4.Четвертый аргумент определяет, видимо ли обновление сопоставления.

5.Пятый аргумент указывает файл, который необходимо сопоставить.

MAP_SHARED, MAP_PRIVATE и копирование при записи

Системный вызов mmap() создает новое сопоставление в виртуальном адресном пространстве вызывающего процесса. mmap — очень распространенный системный вызов в пользовательском пространстве, будь то выделение памяти, чтение и запись больших файлов, связывание файлов динамической библиотеки или совместное использование памяти между несколькими процессами.

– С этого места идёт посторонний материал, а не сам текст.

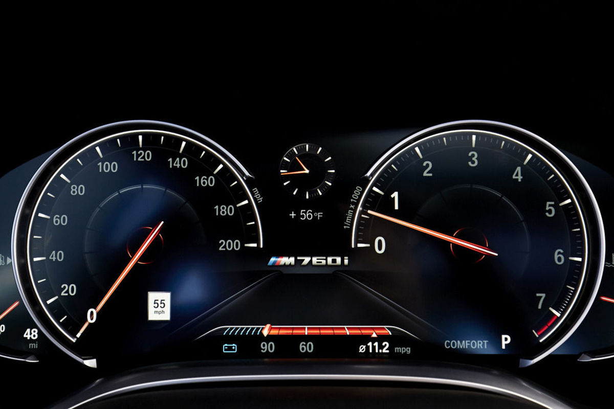 BMW’s iDrive system is navigated using a touchscreen display, as found in all 7 Series vehicles, and the system incorporates gesture control. The M760Li is also equipped with a new smartphone holder that’s integrated into the centre console and allows for wireless inductive charging.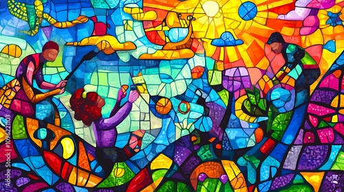 A vibrant stained glass artwork depicting people interacting with nature and the sun.

MAP_SHARED: создать общую область сопоставления. Таким образом, несколько процессов могут отображать один и тот же файл, и измененное содержимое будет синхронизировано с файлом на диске.

MAP_PRIVATE: создает частное сопоставление для копирования при записи. Несколько процессов могут сопоставлять один и тот же файл в частном порядке, и изменения не синхронизируются с диском.

Давайте представим, что процессу нужна частная копия файла, и он не хочет, чтобы какое-либо обновление частной копии влияло на исходный файл. Когда процесс создает частную копию, содержимое исходной памяти необходимо скопировать в частную память. Поскольку мы знаем, что этот процесс требует времени для копирования памяти, действие копирования часто откладывается до тех пор, пока оно не понадобится. MAP_PRIVATE по-прежнему указывает на общую физическую память, которая изначально называется «главной копией». Если процессу не требуется запись в отображаемую память, нет необходимости иметь частную копию.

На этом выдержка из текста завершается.